Data extracted from a collection:
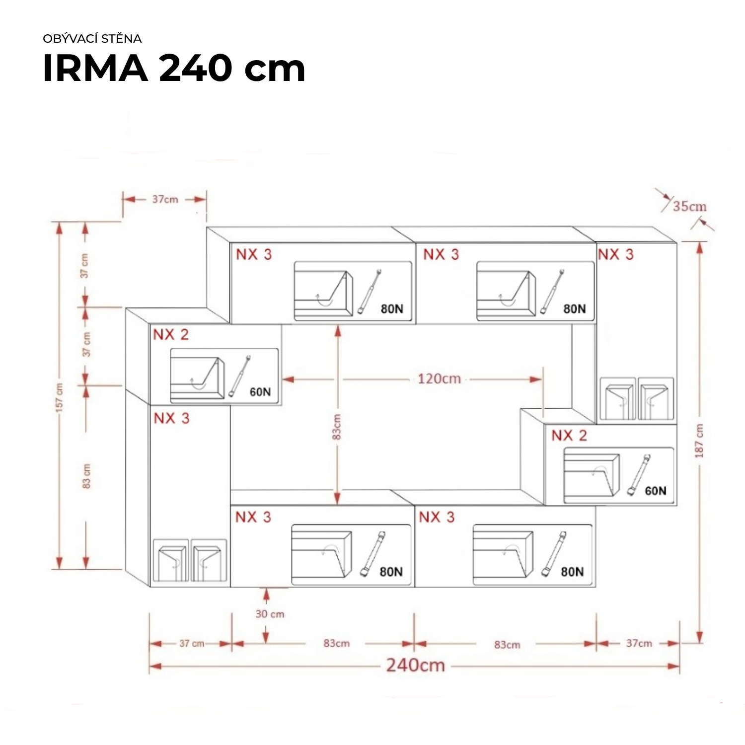Ral Obývací stěna IRMA 4, 240 cm - Bílý lesk
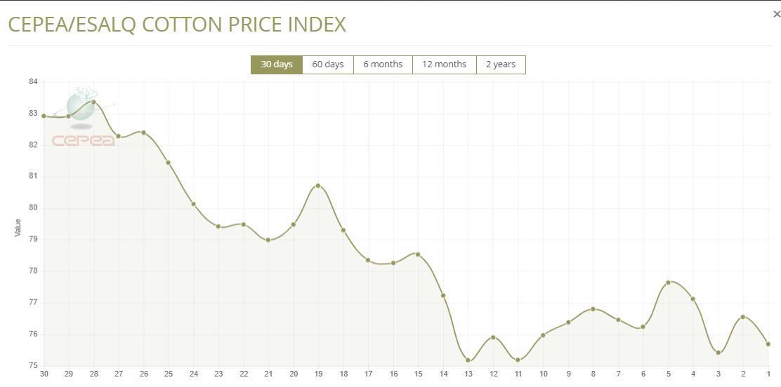 據(jù)外電5月3日消息,5月3日巴西CEPEA/ESALQ棉花價格指數(shù)報每磅75.69美分,較前一日下滑1.12%。
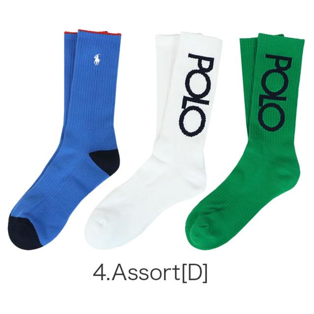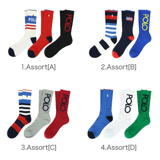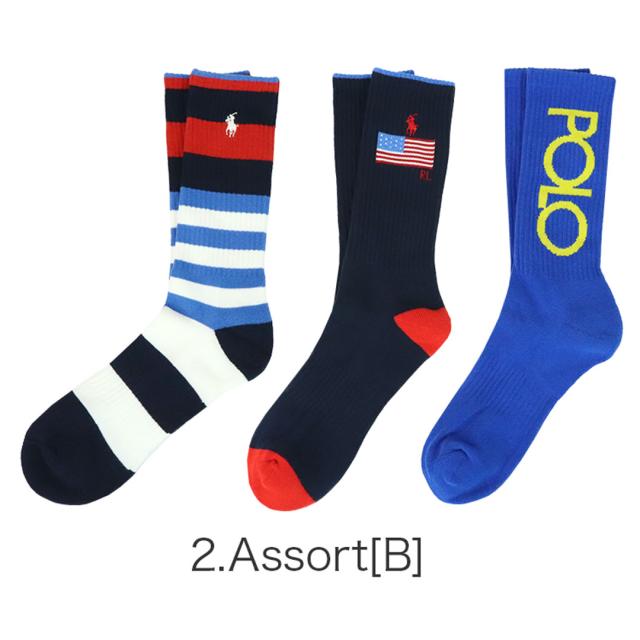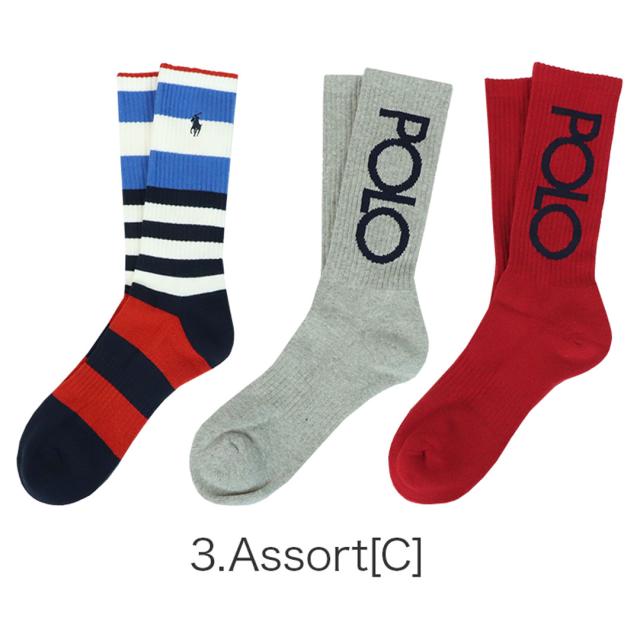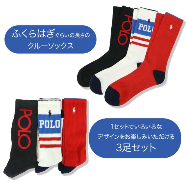 【3足セット】ポロ・ラルフローレン ソックス メンズ クルーソックス 靴下 大きめ 28-30cm Polo Ralph Lauren ブランド リブ カジュアル ビッグサイズ US10-13
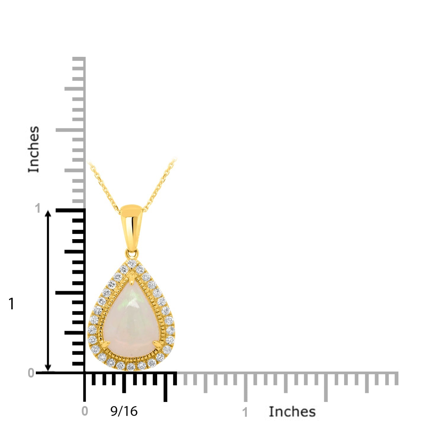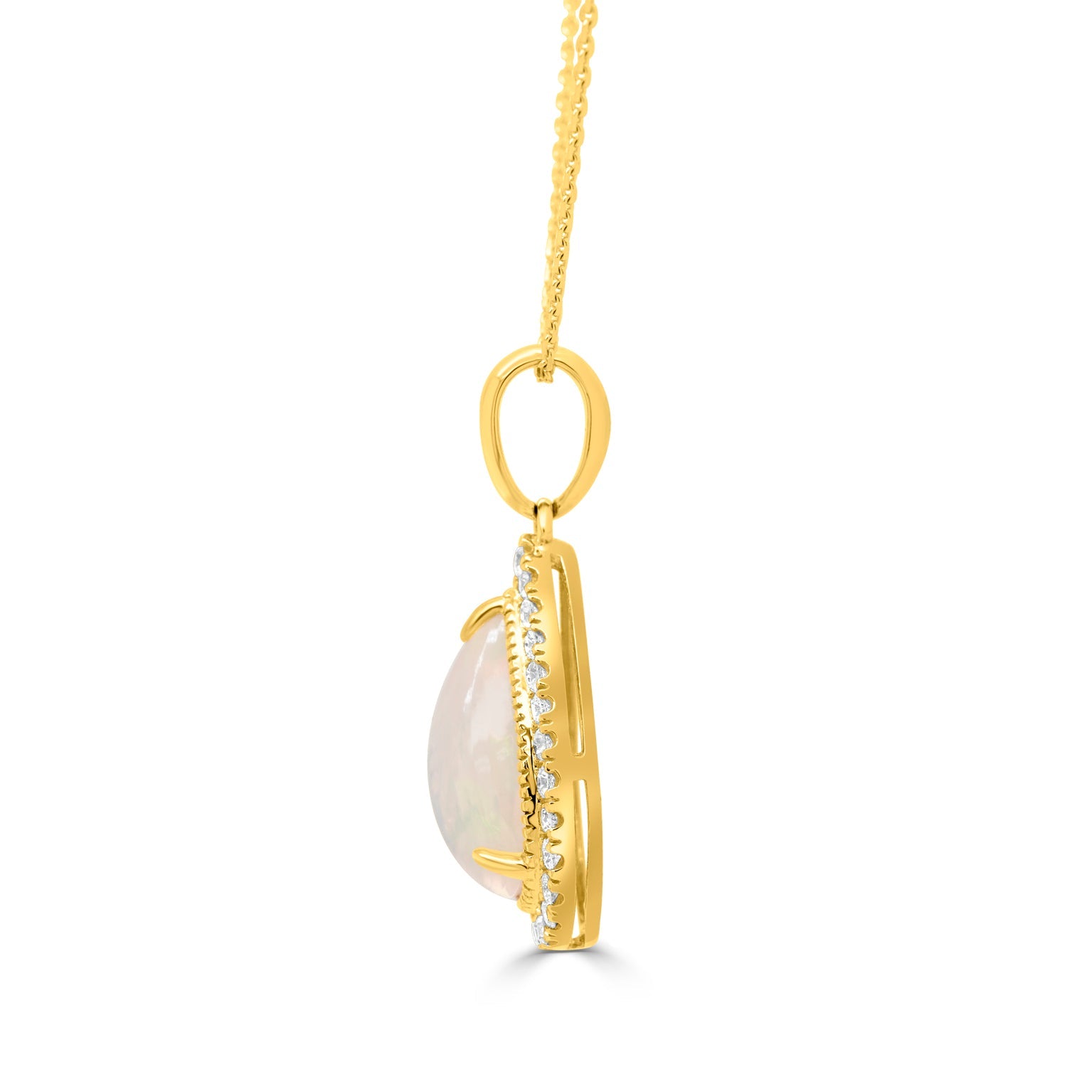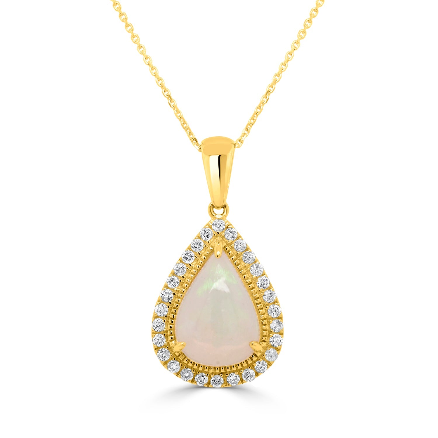This pendant is set with a pear-cut Opal and round Diamonds that are designed with 14k yellow gold in an enchanting arrangement.
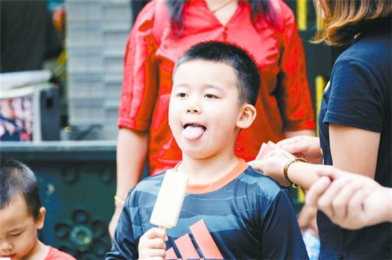 7月23日,一名小朋友拿著冰棍在哈爾濱中央大街游玩。

WHAT IS BEING ASKED:
Your answer should hold only the lines from the line with "This pendant is" through the closing line of the records, restated exactly and free of pictures.

RESPONSE TO THE EXERCISE:
This pendant is set with a pear-cut Opal and round Diamonds that are designed with 14k yellow gold in an enchanting arrangement.
 7月23日,一名小朋友拿著冰棍在哈爾濱中央大街游玩。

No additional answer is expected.